The S&P500 Index rose 1.38% to 1387.57 overnight.
The Dow Jones Industrial Average was also up 1.41% or 181.19 points to 12986.60.
The NASDAQ Index gained 1.30% or 39.09 points to 3055.55.
Global internet giant Google (GOOG: US) was up 3.46% to $US657.99 after it released its earnings overnight. It reported revenues of $US10.65 billion for the quarter ending March 31 – an increase of 24% on the first quarter of 2011.
“Google had another great quarter with revenues up 24% year on year,” Larry Page, the CEO of Google, said. “We also saw tremendous momentum from the big bets we’ve made in products like Android, Chrome and YouTube. We are still at the very early stages of what technology can do to improve people’s lives and we have enormous opportunities ahead. It is a very exciting time to be at Google.”
West Texas Intermediate (WTI) oil was up 0.26% to $US101.28 a barrel overnight.
Gold was down 0.25% to be trading at $US1676.40 an ounce as risk receded.
The Australian dollar was slightly up as global risk receded, buying $US1.04385 at 8.15am AEST.
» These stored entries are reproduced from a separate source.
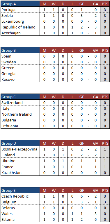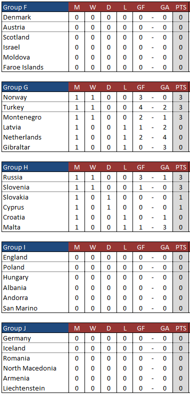 В Европе в пяти группах прошли матчи 1-го тура квалификации ЧМ-2022. Ниже приведены результаты игрового дня.
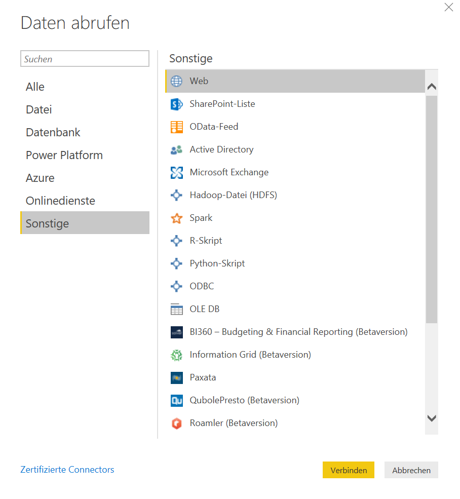 Abbildung 7: Power BI Menü um Daten aus externen Webquellen abzurufen. Quelle: MS PowerBI.
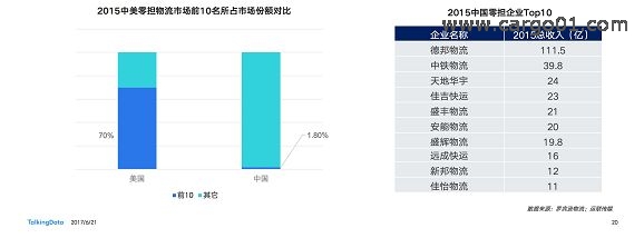 中國公路運輸?shù)钠髽I(yè)有78萬家,“小”“散”“亂”“差”是行業(yè)最主要的問題。他們經(jīng)常表現(xiàn)為一人一車一電話的作坊模式。中國零擔(dān)市場前10名市場份額之和占行業(yè)整體的1.8%,美國零擔(dān)市場前10市場份額之和卻高達(dá)70%。頭部廠商的市場份額大,有利于充分調(diào)配資源,達(dá)到降低成本提升效率的目的。
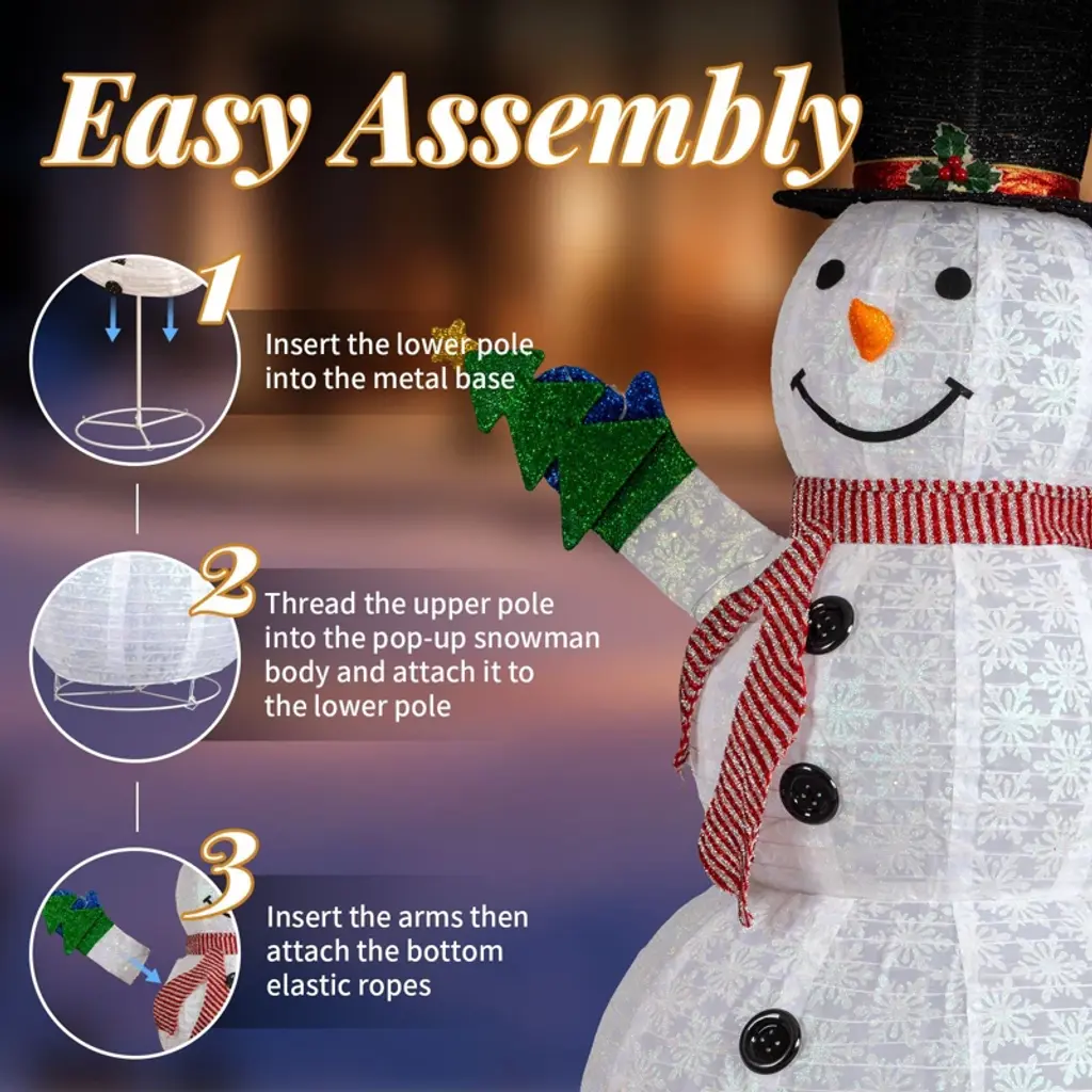 Light up your holidays with this magnificent 5.7ft Light-Up Snowman, featuring an adorable design holding a tiny Christmas tree! Crafted from sparkling snowflake glitter fabric, this snowman shimmers beautifully by day and transforms into a dazzling centerpiece by night, illuminated by 200 warm white LED string lights that radiate a cozy and inviting glow.Designed for effortless usability, its innovative telescopic frame allows you to expand it to its full impressive height in seconds—no tools or complicated setup required. After the season, it easily collapses into a compact, flat form for convenient storage. Perfect for indoor or outdoor use, this sturdy yet charming decoration combines elegance and functionality, making it an unforgettable addition to your festive decor.
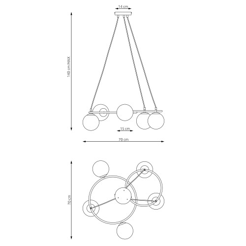 Dimensions: Height: 1400mm, Length: 700mm, Width: 700mm, Diameter of the shades: 150mm

European share markets moved up overnight after International Monetary Fund managing director Christine Lagarde opted to reduce her request for $US600 billion ($AU575 billion) of additional funds from member countries, as threats to the global economy diminished.
“Some of the dramas that were envisaged at the end of 2011 or very beginning of 2012 not only have not materialised,” Lagarde said in Washington overnight.
Europe’s slow handling of its debt crisis has hampered Lagarde’s attempts to increase the fund’s size as countries such as Brazil, China and Canada want concrete European efforts to stem the turmoil before they pitch in.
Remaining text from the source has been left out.